Synopsis

While tornadoes were found to have overwhelmingly the largest impact on health and economy, it’s strongly advised not to make conclusions based on the results around tornadoes (owing to the fact that NOA only tracked tornadoes for many years). Results were reported both including and excluding tornadoes. From an economic perspective, hail and flash floods caused the second and third highest economic impact respectively. Excessive heat and strong winds caused the second and third highest impact on health, respectively.

Null values were omitted to avoid incorrectly extrapolating missing values. Tornadoes were deemed an outlier and removed from the final analysis, instead of eliminating data from those years.

Data processing

Loading and preprocessing the data

  1. download and read the CSV, convert numeric fields to number datatypes
  2. calculate the impact to human health by adding deaths to injuries. This means deaths and injuies have equal weighting in our analysis.
require(data.table)
require(dplyr)

setwd("C:/Users/Yasneen/rCoursera/reproducibleResearch/project 2")
url <- "https://d396qusza40orc.cloudfront.net/repdata%2Fdata%2FStormData.csv.bz2"
f <- file.path(getwd(), "stormData.csv.bz2")
download.file(url, f)
sd <- data.table(read.csv(f))

sd$fatalities <- as.numeric(sd$FATALITIES)
sd$INJURIES<-as.numeric(sd$INJURIES)
sd$DeathPlusInjury<-sd$fatalities + sd$INJURIES

sd1<-group_by(sd,EVTYPE)

Across the United States, which types of events (as indicated in the EVTYPE variable) are most harmful with respect to population health?

In our analysis, let’s assume fatalities and injuries are equally weighted as indicators of harm to population health. Thus the sum of injuries + fatalities will indicate harmfulness to population health.

require(data.table)
## Loading required package: data.table
require(dplyr)
## Loading required package: dplyr
## 
## Attaching package: 'dplyr'
## 
## The following objects are masked from 'package:data.table':
## 
##     between, last
## 
## The following objects are masked from 'package:stats':
## 
##     filter, lag
## 
## The following objects are masked from 'package:base':
## 
##     intersect, setdiff, setequal, union
sdDI<-summarize(sd1,sum(DeathPlusInjury,na.rm=TRUE))
colnames(sdDI)<-c("EVTYPE","DeathPlusInjury")

We will remove events with zero values since they did not cause any deaths or injuries.

sdDI$DeathPlusInjury <- ifelse(sdDI$DeathPlusInjury < 1, NA,sdDI$DeathPlusInjury)
sdDI<-na.omit(sdDI)

We will sort the data by numbers of deaths plus injuries and consider only the top 20.

sdDI<-sdDI[order(DeathPlusInjury,decreasing=TRUE),]
sdDIdisplay<-sdDI[1:20,]

barplot(sdDIdisplay$DeathPlusInjury,names=sdDIdisplay$EVTYPE,xlab="event type",ylab="total deaths and injuries",main="top 20 storm events causing either deaths or injuries",las=2)

We see that tornadoes cause far more harm to population health than all the other event types.
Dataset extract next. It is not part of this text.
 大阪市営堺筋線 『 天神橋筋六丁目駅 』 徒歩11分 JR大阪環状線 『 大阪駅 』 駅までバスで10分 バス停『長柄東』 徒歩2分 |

However this may be an outlier, since NOA only tracked tornadoes for many years. Analyze the remaining data.

sdDIdisplay$DeathPlusInjury<-ifelse(sdDIdisplay$DeathPlusInjury > 10000, NA,sdDIdisplay$DeathPlusInjury)
sdDIdisplay<-na.omit(sdDIdisplay)

Across the United States, which types of events have the greatest economic consequences?
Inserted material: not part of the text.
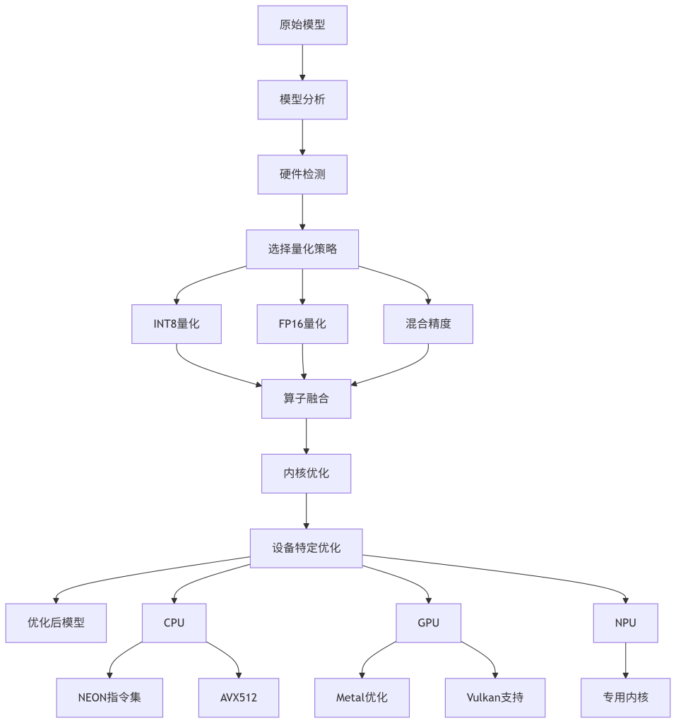 图2:自动模型优化流水线(设计意图:展示模型从原始状态到设备优化版本的自动化流程;关键配置:量化策略选择、硬件特定优化路径;可观测指标:模型大小减少比例、推理速度提升比例)

according to the layout found here: https://www.google.com/url?sa=t&rct=j&q=&esrc=s&source=web&cd=2&ved=0ahUKEwinoe3djKfKAhVCez4KHbYkCI4QFggiMAE&url=https%3A%2F%2Fire.org%2Fmedia%2Fuploads%2Ffiles%2Fdatalibrary%2Fsamplefiles%2FStorm%2520Events%2Flayout08.doc&usg=AFQjCNFC7xESu5Es0GPlqAE3J5Zz63loIg&bvm=bv.111396085,d.cWw&cad=rja PROPDMGEXP and CROPDMGEXP are multipliers where Hundred (H), Thousand (K), Million (M), Billion (B)

PropDmgTot <-0
CropDmgTot <- 0
propDamageMult <- 0
cropDamageMult <- 0
getDamageCost <- function(PropDamage,PropDamageExp,CropDamage,CropDamageExp) {
     PropDmgTot <-0
     CropDmgTot <- 0
     propDamageMult <- 0
     cropDamageMult <- 0
     if (is.na(PropDamage) || is.na(PropDamageExp) || !(PropDamageExp %in% c('H','K','M','B')) )
         PropDmgTot <- 0
     else 
         if (PropDamageExp =='H')  propDamageMult <- 100
         else if (PropDamageExp =='K')  propDamageMult <- 1000
         else if (PropDamageExp =='M') propDamageMult <- 1000000
         else if (PropDamageExp =='B') propDamageMult <- 1000000000
         PropDmgTot <- PropDamage * propDamageMult
     if (is.na(CropDamage) || is.na(CropDamageExp) || !(CropDamageExp %in% c('H','K','M','B')))
         CropDmgTot <- 0
      else 
          if (CropDamageExp =='H')  cropDamageMult <- 100
         else if (CropDamageExp =='K')  cropDamageMult <- 1000
         else if (CropDamageExp =='M') cropDamageMult <- 1000000
         else if (CropDamageExp =='B') cropDamageMult <- 1000000000
         CropDmgTot <- CropDamage * cropDamageMult

     totDamage <-PropDmgTot+CropDmgTot
     totDamage
}

Calculate the economic cost for each discrete event.

sdDmg <- sd1
sdDmg$Cost <- mapply(getDamageCost,sdDmg$PROPDMG,sdDmg$PROPDMGEXP, sdDmg$CROPDMG,sdDmg$CROPDMGEXP)

Summarize the economic cost by event type and narrow it to the top 20.

sdDmgTotal<-summarize(sdDmg,sum(Cost,na.rm=TRUE))
colnames(sdDmgTotal)<-c("EVTYPE","Cost")

sdDmgTotal<-sdDmgTotal[order(Cost,decreasing=TRUE),]
sdDmgDisplay<-sdDmgTotal[1:20,]

Again we see that tornadoes cost far more than all the other event types. Eliminate tornadoes as an outlier.

sdDmgDisplay$Cost<-ifelse(sdDmgDisplay$Cost > 50000000000, NA,sdDmgDisplay$Cost)
sdDmgDisplay<-na.omit(sdDmgDisplay)

Results

Once tornadoes are removed we see that hail and flash floods cause the largest economic impact.

barplot(sdDmgDisplay$Cost,names=sdDmgDisplay$EVTYPE,xlab="event type",ylab="total economic cost in dollars",main="Economic costs of top 20 storm events without Tornadoes",las=2)

barplot(sdDIdisplay$DeathPlusInjury,names=sdDIdisplay$EVTYPE,xlab="event type",ylab="total deaths and injuries",main="top 20 storm events causing either deaths or injuries without Tornadoes",las=2)